3.2.4 Integrative Analysis of Multi-omics Data

With the availability of TCGA and LinkedOmics resources, analyzing multi-omics dataset is possible. Various bioinformatics tools like Lemon-Tree and Omics Integrator allow network-based interpretation of multi-omics datasets (Bonnet et al. 2015). These are open-source, platform-independent and allow integrating multiple types of high-throughput datasets for creating networks.

3.3 Databases and Tools Used for Multi-omics Data

3.3.1 Database

Several databases contain multi-omics data as shown in Table 3.1. The first multi-omics database is The Cancer Genome Atlas (TCGA) that provides an interactive data system for researchers to search, download, upload, and analyze various cancer genomic datasets (Wang et al. 2016). The Library of Integrated Network-Based Cellular Signatures (LINCS) program provides an extensive reference library of cell-based perturbation-response signatures (Koleti et al. 2018). The LinkedOmics database includes information about mass spectrometry-based global proteomics data on TCGA tumor samples along with clinical data (Vasaikar et al. 2018). Multi-Omics Profiling Expression Database (MOPED) contains processed data for gene, protein, and pathway expression of human and model organism (Montague et al. 2015). Very few organ-specific diseases like heart and kidney diseases have multi-omics databases available (Alexandar et al. 2015; Fernandes and Husi 2017). Taken together, most of the integrative resources compiled various types of multi-omics datasets of tumors and cancer cell lines.
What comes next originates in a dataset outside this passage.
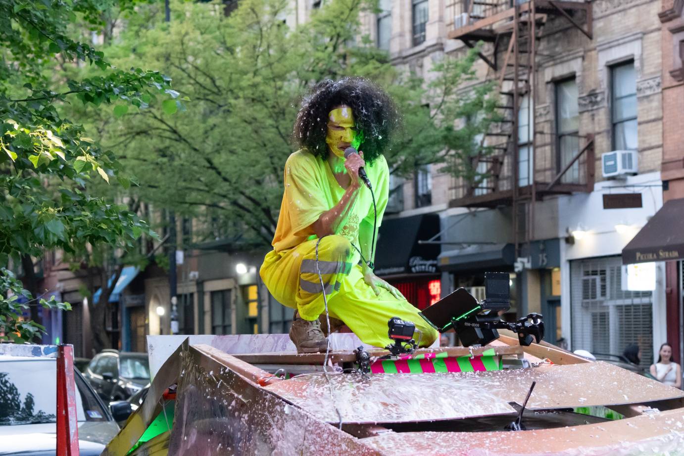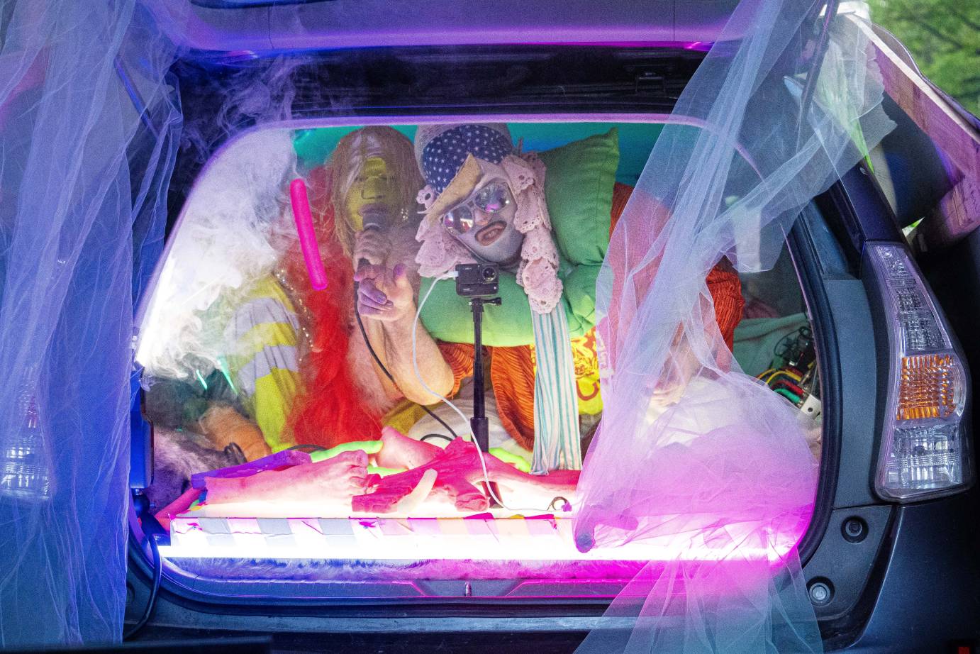 Romania reclines, half-hanging from the trunk, and pulls out a rotisserie chicken. He begins to eat. Smith shrieks, “That’s my body!” again and again, as he continues devouring it. Romania then steps out, balances the chicken atop a tripod, and strips down to his undergarments. He dances: bold, fully present.

Table 3.1 Databases of multi-omics studies

3.3.2 Tools

The availability of multi-omics cancer data from the same samples from TCGA allows developing various tools specific for multiple data integration, visualization, and integrated network modeling. The list of software dedicated for multi-omics data along with brief description is shown in Table 3.2. Tools like DINGO, BioWardrobe, and mixOmics are used for integrated analysis of mRNA/miRNA expression, DNA copy number, and methylation (Ha et al. 2015; Kartashov and Barski 2015; Rohart et al. 2017). Tools like jActiveModules (Cytoscape plugins) and NetworkAnalyst are used for integrating gene expression and PPI networks. Similarly, there are tools like Metscape 2 and Paintomics for integration of mRNA expression and metabolites data (Karnovsky et al. 2012; Garcia-Alcalde et al. 2011) and tools like ZikaVR and Immunet for Zika virus and immunological disease research, respectively (Gorenshteyn et al. 2015; Gupta et al. 2016). Omics Integrator software integrates several types of omics data and constructs a heterogeneous network of phosphorylated proteins, metabolites, and mRNA expression (Tuncbag et al. 2016). Lemon-Tree software uses large-scale multi-omics datasets and predicts network modules and pathways (Bonnet et al. 2015). In summary, there are several integrative analysis tools for multi-omics datasets and inferring network modules and pathways for understanding complex biological processes.

Table 3.2 Software for integrating multi-omics studies

3.4 Future Prospective and Challenges

The primary requirement of the integrative multi-omics is that all the omics studies have to be performed in the same sample. So, there are few challenges in integrating multi-omics datasets. First, for integrating protein-protein interactions data, it was observed that most of the data available was from HEK 293 cell line in case of AP-MS studies. There is a considerable gap in generating PPIs of all the proteins from other human cell lines and tissues including healthy and diseased states. Second, for integrating metabolomics and transcriptomics data, it was seen that the metabolites are mainly isolated from blood or urine, while transcriptomics data can be derived from all tissue samples related to the disease. As there is a need for experimental sample source parity, there is also the need for establishing data processing standards and data normalization procedures across different omics layers. So far, most of the multi-omics studies are mainly focused on tumor and cancer cell lines. Besides cancer, there are various diseases like respiratory and cardiac diseases, which need urgent attention for understanding biological mechanisms of these diseases using integrative analysis of multi-omics data.